For 39 years I have been in contact with women in industry, in the factory, the shop, store, and office; also with business and professional women; and working as a ticket agent on a railroad I daily came in contact with hundreds of women. All those women without exception, even women in the home, are in favor of and want the equal rights amendment because they have daughters. I met, as I came here from New York, a group of working women; they were coming from a luncheon. Some of those women were members of the CIO; others of the A. F. of L., and when I told them where I was coming, they said, tell Miss Paul we are shouting for her and we are waiting to hear the joyousness of the passage of the equal-rights amendments.

Gentlemen of the committee, you have it in your power to give them that right and that joy. There will be joy among them. Why? Because all discriminations against them under the law will be eliminated, and they will have freedom from fear; they will be able to choose their own work, their own hours of work, and if working in an industry requiring a few hours overtime they will be able to work those few hours and earn the extra money, which they sorely need.

And it is in your power, Mr. Chairman and gentlemen of the committee, to give them that right and they know that if there is a mother working in the day and she cannot give supervision to her children, she often hears her boys and girls are playing truant from school, and is beset with the fear that they will become criminals. When the equal rights amendment becomes a part of our basic law, she thus becomes a happy, contented woman. She will go to night work knowing her children are in bed, leaving a responsible person with them. Coming home in the morning she will be happy, knowing her children will realize she is at home to take care of them and see that they are in school.

It is in your power to give this right to equality to us working women. We need it. We want it. We do not want any special privileges. We are asking for nothing, only freedom. And we want to have these freedoms that are so much talked about. We want freedom from fear; we want to be permitted to live our own lives and not have those wouldbe self-appointed uplifters to protect us, bothering us in our lives, coming through and interfering with us. We want to tell them to stay on their own side of the fence, stay with their own class, and they will find plenty to protect there and clean up if they set their mind to it.

We working women can protect ourselves.

At the last hearing I was not here, but I read the statement of the counsel of these groups-well, to read his speech, you would think tears were running down his cheeks, he was so sympathetic about widows. Mr. Harrison, the counsel for the groups opposed to the equal-rights amendment is very worried about widows. Well, back in 1919 the groups he represented were directly responsible for throwing out of employment many thousands of wage-earning women, among them hundreds of widows with dependents in Brooklyn, the Bronx, and the other boroughs.

Now, among those thousands there were hundreds of widows with dependents and there were many of our widows who had to break up their homes and put the children in institutions because of not receiving a weekly wage check.

There were women, poor women there, who took care of and helped to support an invalid husband, son, or daughter. There were women who were the so e support of aged parents, thrown out of work to protect their health and morals. They always, to their everlasting shame, made an issue of our morals: Mothers, widows, and young girls. Everything they ever said was about the morals.

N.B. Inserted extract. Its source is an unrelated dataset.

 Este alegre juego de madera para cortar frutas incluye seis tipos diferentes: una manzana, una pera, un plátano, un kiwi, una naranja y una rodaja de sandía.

Now, where was Mr. Harrison in those days? Why did he not come to the assistance of those poor widows? You know without saying, Mr. Chairman, it does make a difference whose ox is gored; and it was his clients who brought this outrage into women's lives. It was to be expected, naturally, that he would come to the victims' aid.

Now, Mr. Chairman, all we ask you to do is to give us the right of that freedom from fear, give us the right to work and live our own lives, to take care of our children. No one knows better than the mother what she should do and how much she should do it. And by the way, Mr. Chairman, I met and knew and talked with one of the greatest labor leaders in the United States, one we will never have the like of again, Samuel Gompers. And he told me in Albany he was against those laws. He said I asked him; he was up there to talk to both houses and the president of the State Federation of Labor was trying to keep him covered so that no one would interfere—but I sneaked around the speaker's desk and got hold of him. I said, “Mr. Gompers, don't you believe with us working women that we should have the same rights as men and

be permitted to work the same hours?" "Sure, sure, sure,” he said. I have given to Mrs. Miller a copy of a statement he made; and you gentlemen may have it. He was opposed to those laws and went behind the door to say so. He could give our labor leaders cards and spades that would beat them at their own game as far as labor ethics are concerned. We will never have the like of him again.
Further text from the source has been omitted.